Trump has admitted as much.

“I think if you look at one of the big reasons that I chose Mike – and one of the reasons is party unity,” Trump said the day he announced Pence as his VP pick. “I have to be honest.”

It’s a match made in hell. Trump was uneasy about Pence from the beginning. Reports surfaced that Trump wanted to change his mind up to the very last moment. In December 2015, Pence referred to Trump’s proposed Muslim travel ban as “offensive and unconstitutional”.

But if Trump is to run as a Republican, he must embrace the zealots. And if he is to embrace the zealots, he must engage in that most time-honored tradition of the religious right: scapegoating the LGBT community.

On the eve of the two-month anniversary of the Pulse massacre, where we lost 49 of our LGBT brothers and sisters, Trump is speaking at an anti-LGBT summit in Orlando called Rediscovering God in America Renewal Project.

According to Right Wing Watch, he is joining “Little” Marco Rubio in a lineup of speakers that make Kim Davis look like a “Love is Love” bumper sticker:

• David Barton, a Republican activist who believes HIV/Aids is God’s punishment for homosexuality and that God is actively preventing a cure to maintain it as such. He also believes anti-bullying policies in schools are attempts to indoctrinate students into homosexuality.

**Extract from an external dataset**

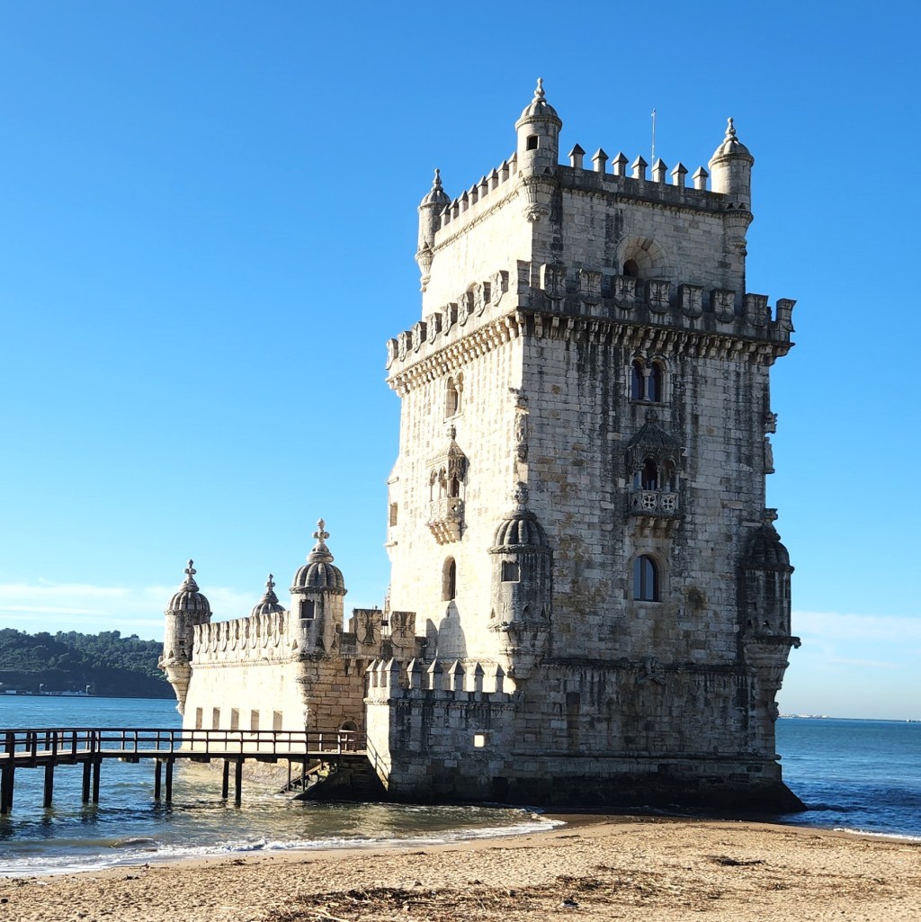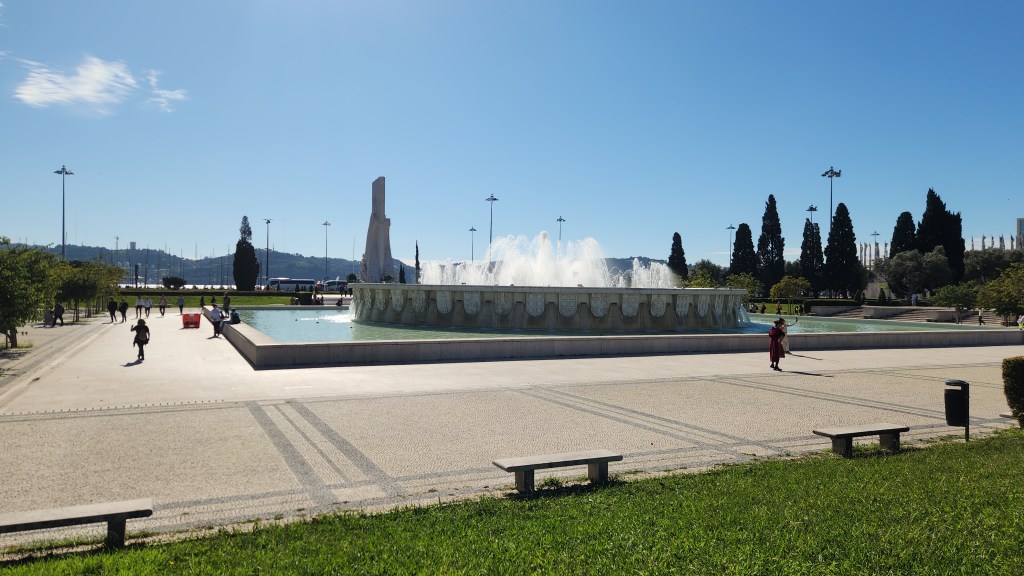 On Monday the 11th, we headed off on a bus and walking tour of Lisbon, during which we took in the sights and learned quite a bit of Portuguese history. (Now known as a well-functioning democracy, Portugal was actually ruled by a dictator, António de Oliveira Salazar, from 1932 until he died in 1970. His successor was deposed in the bloodless Carnation Revolution in 1974, and Portugal transitioned to a constitutional democracy by 1976). We drove through the hilly city to the tourist area called Belém near the Tagus River – the very same river we saw in Toledo, by this point grown very wide before discharging into the Atlantic – where we saw the Belém Tower, a 16th-century fortification that served as a point of embarkation and disembarkation for Portuguese explorers and as a ceremonial gateway to Lisbon. It was built during the height of the Portuguese Renaissance, and is a prominent example of the Portuguese Manueline style, but it also incorporates other architectural styles, such as the minarets inspired by Moorish architecture.

• Pastor Ken Graves from Maine, who often talks about “militant homofascism” in his sermons. According to him, the gays and their coalition of allies are attempting to build a “secular humanist caliphate” in America.

• Bill Federer, a conspiracy theorist who believes gay rights are bringing about an Islamist takeover of America.

• David Lane, founder of the American Renewal Project, who has explicitly stated he plans to grill Trump on how he plans to fight “homosexual totalitarianism” and gay rights “militants”.

And, of course, standing by his side is Mike Pence, who has referred to gay marriage as indicative of a “societal collapse” and who wanted to use HIV/Aids money to fund conversion therapy.

It’s worth pointing out that most of these speakers break from Trump, who uses Islam as a bogeyman to position himself as an ally to the LGBT community. The religious right sees Islam and LGBT as one in the same, agents of evil sent to destroy America.

“Ask yourself, who is really the friend of women and the LGBT community?” Trump said in a speech after Pulse in which he directly referred to Islam. “Donald Trump with his actions, or Hillary Clinton with her words?”

Attending an anti-gay summit in Orlando so soon after Pulse is, of course, an “action” from Trump, one that exposes an unsettling truth for Democrats and Republicans alike: religious extremists are pulling at least some of the strings now.

Donald Trump is a weak candidate. Donald Trump is easy to manipulate. All evidence suggests that, at the end of the day, he’s just not very smart. And the religious right is taking full advantage.

They infiltrated and shaped the official GOP platform, which endorses conversion therapy and condemns same-sex marriage. They have pinned him down to a summit where they will ask him how he plans to turn American into a Christian nation. Should Trump win, they will be one impeachment-worthy Drumpf-up away from the presidency.